The legendary shortstop-turned-third baseman singled in each of his four at-bats to increase his career hit total to 2,978, which means that he needs 22 more in the final 21 games of the season to become the 24th player in baseball history to reach 3,000.

He could do it next year, of course, but the quest to get there this year may be the only intrigue left in an otherwise lackluster Orioles season.

"I think Cal's having as much fun as he's had in a while," said manager Ray Miller, "because his swing is just terrific right now."

Rodriguez, who has long identified Ripken as his idol and inspiration, is only in the early stages of his already stellar career but appears to be well-positioned to challenge Ripken's distinction as the greatest power-hitting shortstop of all time.

He already has 143 home runs in only his fourth full season in the major leagues. Ripken holds the record for home runs by a shortstop with 345, which would appear reachable for a player who hasn't reached his 25th birthday.

"I think when people watch him play, they don't realize that he's a big guy," said Miller. "And he's just starting to fill out. He's what, 24? That's scary."

In their wildest dreams, Baltimore baseball fans even can envision him doing it in an Orioles uniform, because it appears that the Mariners won't be able to afford both Rodriguez and superstar Ken Griffey after their contracts expire in the next couple of years.

The Mariners are making their first and only stop in Baltimore this year. The institution of interleague play in 1997 was intended to increase opportunities for fans to see the top stars from both leagues. But it also cut into the number of games each club plays against non-divisional opponents in the same league.

So, Orioles fans have only this four-game series to enjoy the exploits of Rodriguez and Griffey, two of the sport's most popular players, and Orioles pitchers have only four games to try to contain a Mariners lineup that leads the majors with 217 home runs.

Rodriguez provided the game's first offensive highlight in the top of the first inning, when he delivered a two-out, opposite-field single off spot starter Doug Linton to give the Mariners a short-lived lead.

No surprise there. Rodriguez has made a habit of dinging up the Orioles' pitching staff.
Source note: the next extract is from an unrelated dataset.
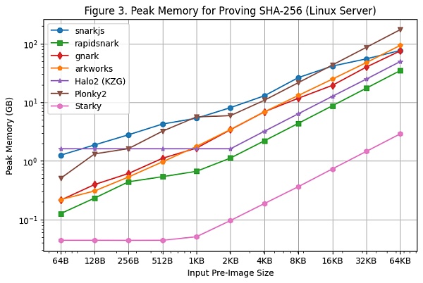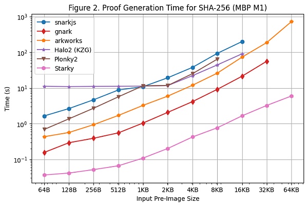 [图 1] 使用 Linux 服务器测试了 SHA-256 的每个框架在各种原图像尺寸上的证明生成时间。我们可以得到以下发现:

He entered the game with a .353 career average against Baltimore and had driven in eight runs in the first six meetings this year.

Mariners starter Paul Abbott kept the Orioles' lineup quiet for a couple of innings but fell victim in the third to an error and an infield hit that helped load the bases for sizzling slugger Albert Belle, who lined a double into left-center field to drive home two runs and put the Orioles on top.

The double extended Belle's hitting streak to 10 games and increased his team-leading RBI total to 102, but -- almost amazingly -- it was only his first hit with the bases loaded all season.

The Orioles added a third run in the fourth inning after loading the bases again, this time with no outs, on Ripken's second hit of the game, a muffed-tag play by Seattle second baseman David Bell and a walk to rookie Jerry Hairston.

Ripken would score on a sacrifice fly by Mike Figga, but that was all the Orioles would get from the promising opportunity, and Rodriguez would make them regret it.